We also loved jacks. And cards. And at my cousin Bobby’s house we’d hang out in the basement, building elaborate mansion floor plans on the pingpong table with Uncle Harold’s golf tees.
The most fun I ever had, though, was with my very own Smith Corona manual typewriter — starting at eight years old — so I could launch my career a famous author. Although the famous author thing never materialized, exactly, I’ve been writing continuously, one damn thing or another, since I was old enough to spell. Today, in 2013, you get the Howdygram. (Sorry, people.)
What made me think about this? A cute video I watched last night on Jezebel.com ... a gang of “fierce little girls” lobbying for better, more challenging toys. It’s actually a commercial for GoldieBlox, a construction set to encourage girls into engineering.
GoldieBlox was developed by a Stanford engineering student named Debbie Sterling who raised more than $285,000 through Kickstarter. Hmm. Maybe Bobby and I should start marketing golf tees to future architects.
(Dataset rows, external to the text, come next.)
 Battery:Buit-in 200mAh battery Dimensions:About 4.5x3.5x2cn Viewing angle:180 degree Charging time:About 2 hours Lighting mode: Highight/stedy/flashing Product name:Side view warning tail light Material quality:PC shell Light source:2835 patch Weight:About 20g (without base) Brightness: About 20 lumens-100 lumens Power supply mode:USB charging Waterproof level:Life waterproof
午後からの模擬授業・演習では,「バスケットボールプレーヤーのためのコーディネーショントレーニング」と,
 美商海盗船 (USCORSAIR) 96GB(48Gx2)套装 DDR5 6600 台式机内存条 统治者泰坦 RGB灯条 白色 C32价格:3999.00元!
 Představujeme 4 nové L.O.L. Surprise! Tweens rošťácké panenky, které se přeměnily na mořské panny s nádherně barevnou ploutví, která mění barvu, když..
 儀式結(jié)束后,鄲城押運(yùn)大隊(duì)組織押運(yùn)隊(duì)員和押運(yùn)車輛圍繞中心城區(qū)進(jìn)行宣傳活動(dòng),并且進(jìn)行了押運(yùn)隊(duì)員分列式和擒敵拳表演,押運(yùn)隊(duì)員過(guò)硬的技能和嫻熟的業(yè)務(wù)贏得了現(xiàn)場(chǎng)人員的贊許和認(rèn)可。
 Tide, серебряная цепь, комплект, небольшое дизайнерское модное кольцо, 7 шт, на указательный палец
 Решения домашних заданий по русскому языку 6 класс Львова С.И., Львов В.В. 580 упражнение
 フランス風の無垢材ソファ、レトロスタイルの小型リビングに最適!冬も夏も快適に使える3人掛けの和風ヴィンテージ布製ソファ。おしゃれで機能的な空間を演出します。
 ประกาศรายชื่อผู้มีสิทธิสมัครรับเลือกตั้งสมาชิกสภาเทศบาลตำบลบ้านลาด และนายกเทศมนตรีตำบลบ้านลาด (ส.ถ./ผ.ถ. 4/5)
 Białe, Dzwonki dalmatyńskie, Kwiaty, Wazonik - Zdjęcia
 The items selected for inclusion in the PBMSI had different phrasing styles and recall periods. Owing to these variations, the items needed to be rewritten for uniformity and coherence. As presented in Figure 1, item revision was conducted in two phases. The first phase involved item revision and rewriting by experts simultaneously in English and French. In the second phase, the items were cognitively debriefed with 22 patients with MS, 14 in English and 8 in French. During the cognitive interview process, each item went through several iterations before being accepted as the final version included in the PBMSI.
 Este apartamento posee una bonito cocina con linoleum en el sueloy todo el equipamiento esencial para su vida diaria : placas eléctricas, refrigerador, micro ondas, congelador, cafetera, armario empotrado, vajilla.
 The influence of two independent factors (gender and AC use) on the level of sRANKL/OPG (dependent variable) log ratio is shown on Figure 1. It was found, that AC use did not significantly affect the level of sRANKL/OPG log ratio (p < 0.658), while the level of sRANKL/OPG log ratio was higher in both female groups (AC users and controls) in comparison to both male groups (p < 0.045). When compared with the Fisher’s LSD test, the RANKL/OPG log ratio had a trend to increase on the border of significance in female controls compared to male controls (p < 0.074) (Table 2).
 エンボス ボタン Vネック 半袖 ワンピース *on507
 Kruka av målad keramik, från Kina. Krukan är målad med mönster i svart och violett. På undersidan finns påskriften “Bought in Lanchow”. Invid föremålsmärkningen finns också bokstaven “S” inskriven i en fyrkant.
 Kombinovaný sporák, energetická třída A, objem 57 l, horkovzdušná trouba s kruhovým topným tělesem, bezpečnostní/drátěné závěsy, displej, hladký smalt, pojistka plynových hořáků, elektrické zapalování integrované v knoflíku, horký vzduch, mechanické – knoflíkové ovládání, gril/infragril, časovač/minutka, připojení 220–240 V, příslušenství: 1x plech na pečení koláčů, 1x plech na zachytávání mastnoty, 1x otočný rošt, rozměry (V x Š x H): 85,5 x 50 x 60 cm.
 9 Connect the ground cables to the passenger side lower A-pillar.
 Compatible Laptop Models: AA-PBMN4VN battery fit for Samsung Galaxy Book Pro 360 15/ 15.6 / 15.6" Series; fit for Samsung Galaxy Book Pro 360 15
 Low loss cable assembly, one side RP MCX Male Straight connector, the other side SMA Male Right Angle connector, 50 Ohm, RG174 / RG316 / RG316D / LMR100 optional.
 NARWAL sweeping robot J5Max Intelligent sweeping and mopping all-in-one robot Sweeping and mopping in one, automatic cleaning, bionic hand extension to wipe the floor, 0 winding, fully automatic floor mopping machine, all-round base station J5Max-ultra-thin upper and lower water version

Here’s an AT&T update, in case you give a crap. They sent a technician this morning to check the fiber optic equipment that’s in a big green utility box thing outside near the curb. He figured out almost immediately that the problem is inside the house, so they’re sending somebody else over here tomorrow between 4 and 8 p.m. because apparently AT&T has different job descriptions for outdoor repair dudes and indoor repair dudes. (And I think they also wear different outfits.) Regardless, I’m still betting it has to be the router sitting here on my desk, because every few minutes the power light turns red and we lose our connections to U-Verse TV, the Internet and our home telephone.
To redirect my frustration I think I’ll make a meatloaf. Thank you for reading this.